Problem description:
In the entries below, which lines run from the one with "Dans [Impression], sélectionnez" through the one with "The largest banks"? Repeat exactly those, both included, and no pictures.

Data listing:
- Opening Delimiter -
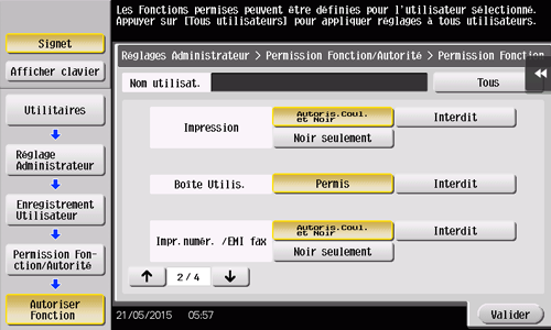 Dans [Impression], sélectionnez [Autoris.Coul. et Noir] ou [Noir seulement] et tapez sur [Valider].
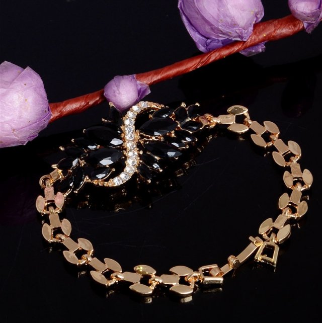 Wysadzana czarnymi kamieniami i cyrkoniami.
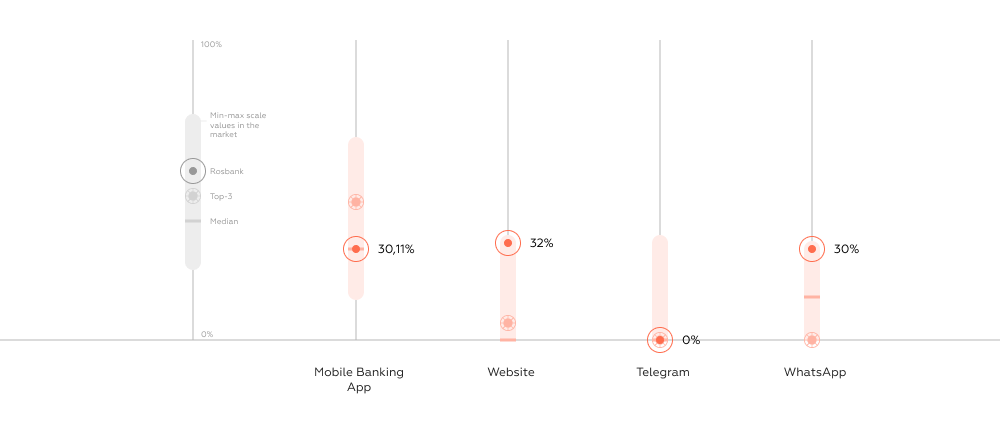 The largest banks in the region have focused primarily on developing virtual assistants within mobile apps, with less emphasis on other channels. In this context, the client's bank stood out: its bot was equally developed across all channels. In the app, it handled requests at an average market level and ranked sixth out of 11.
- Closing Delimiter -
- Opening Delimiter -
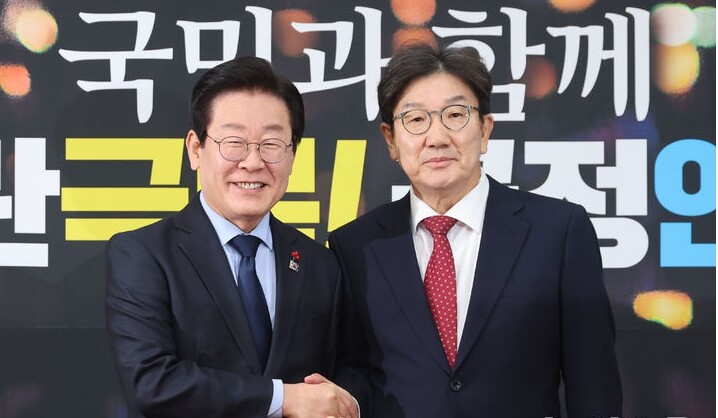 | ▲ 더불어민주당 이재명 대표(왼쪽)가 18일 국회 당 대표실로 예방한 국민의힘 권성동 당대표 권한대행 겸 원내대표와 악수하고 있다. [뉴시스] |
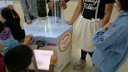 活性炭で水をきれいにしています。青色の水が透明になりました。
- Closing Delimiter -
Output of the task:
 Dans [Impression], sélectionnez [Autoris.Coul. et Noir] ou [Noir seulement] et tapez sur [Valider].
 Wysadzana czarnymi kamieniami i cyrkoniami.
 The largest banks in the region have focused primarily on developing virtual assistants within mobile apps, with less emphasis on other channels. In this context, the client's bank stood out: its bot was equally developed across all channels. In the app, it handled requests at an average market level and ranked sixth out of 11.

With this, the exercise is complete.